La Guinée est en deuil. Souleymane Diallo, l'un des derniers bastions du journalisme indépendant dans le pays, est décédé. Connu pour son engagement sans faille en faveur de la liberté de la presse, il a marqué des générations de journalistes par son courage et sa détermination.
Une vie dédiée à l'information
Né à Conakry, Souleymane Diallo a commencé sa carrière dans les années 1990. Il a rapidement compris l'importance d'une presse libre et indépendante pour la démocratie. Il a travaillé pour plusieurs médias, avant de fonder son propre journal, Le Rempart, qui est devenu une référence en matière de journalisme d'investigation en Guinée.
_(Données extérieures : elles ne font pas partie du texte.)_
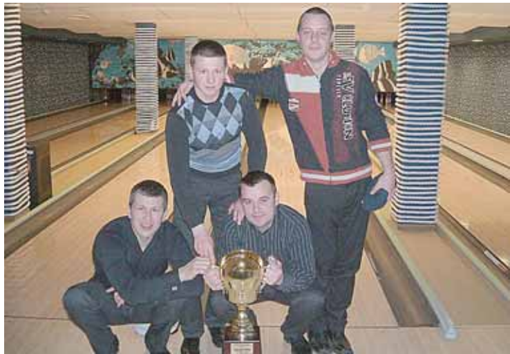
„SPA Vilnius 1“ komanda kalėdiniame boulingo turnyre užėmė 4-ąją vietą
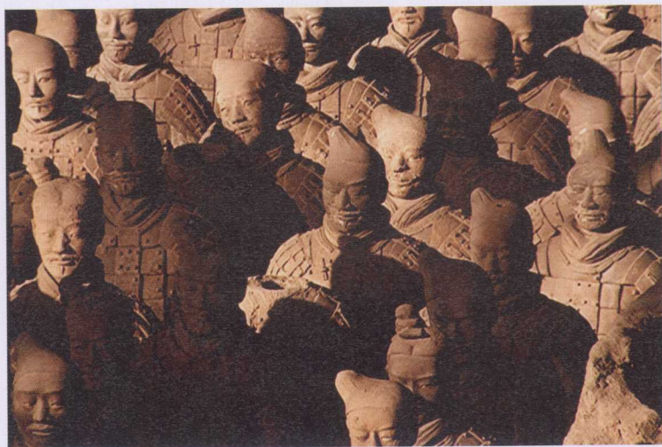
图2-1 20世纪70年代初,两个农民打井的偶然发现,挖掘出“世界第八大奇观”——秦始皇兵马俑。对这座规模宏大陵寝陪葬的深入研究,一个两千多年前的人文全景展现于世

构成论于实践意义的最显著效果,很难与新材料、新工艺、新加工方法摆脱干系。从石器、陶土(见图2-1)、青铜、钢铁,到电气、电子、半导体、生物医药……每一种新材料、新工艺、新加工方法,都会促成人类社会的生活、学习、工作、娱乐发生崭新变化,当然人类的视觉观亦发生崭新变化,包括价值观、审美观。

Son travail lui a valu de nombreuses reconnaissances, mais aussi des menaces et des pressions. Il a été arrêté à plusieurs reprises, mais n'a jamais renoncé à ses principes. Il croyait fermement que l'information est un bien public essentiel.
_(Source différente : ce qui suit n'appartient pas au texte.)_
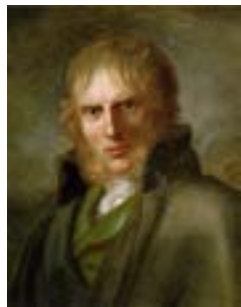
Каспар Давид Фридрих

Каспар Давид Фридрих – немецкий художник последней трети XVIII – начала XIX веков, 250-летие которого отмечается в этом году, своими смелыми, новаторскими идеями вызвавший много споров среди критиков и любителей искусства. Являлся одним из основоположников романтического
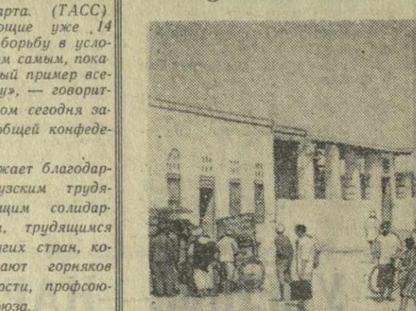
В Йеменской Аравийской Республике. Больница в портовом городе Ходейда. Здесь работают десять советских врачей различных специальностей. Они пользуются большой популярностью у населения, которое охотно обращается за помощью к советским медикам.

Комментатор ТАСС И. Володин пишет: Закон о земельной реформе был принят иранским правительством в начале прошлого года. В соответствии с этим законом владения помещиков ограничиваются одной деревней (крупнейшие помещики владеют 100 — 150 деревнями с прилегающими землями, пр-

Un combat contre la désinformation
Ces dernières années, Souleymane Diallo s'était particulièrement investi dans la lutte contre la désinformation. Il avait créé un réseau de fact-checking pour contrer les fausses nouvelles qui circulent sur les réseaux sociaux. Il formait également de jeunes journalistes aux techniques de vérification des faits.
Son décès laisse un vide immense dans le paysage médiatique guinéen. De nombreux confrères lui rendent hommage, saluant son professionnalisme et son intégrité. Les organisations de défense des droits de l'homme ont également exprimé leur tristesse.
Un héritage durable
Le travail de Souleymane Diallo ne sera pas oublié. Son journal Le Rempart continue de paraître, porté par une équipe déterminée à poursuivre son combat. Sa famille et ses proches ont annoncé qu'une fondation serait créée en son nom pour promouvoir la liberté de la presse et l'éducation aux médias.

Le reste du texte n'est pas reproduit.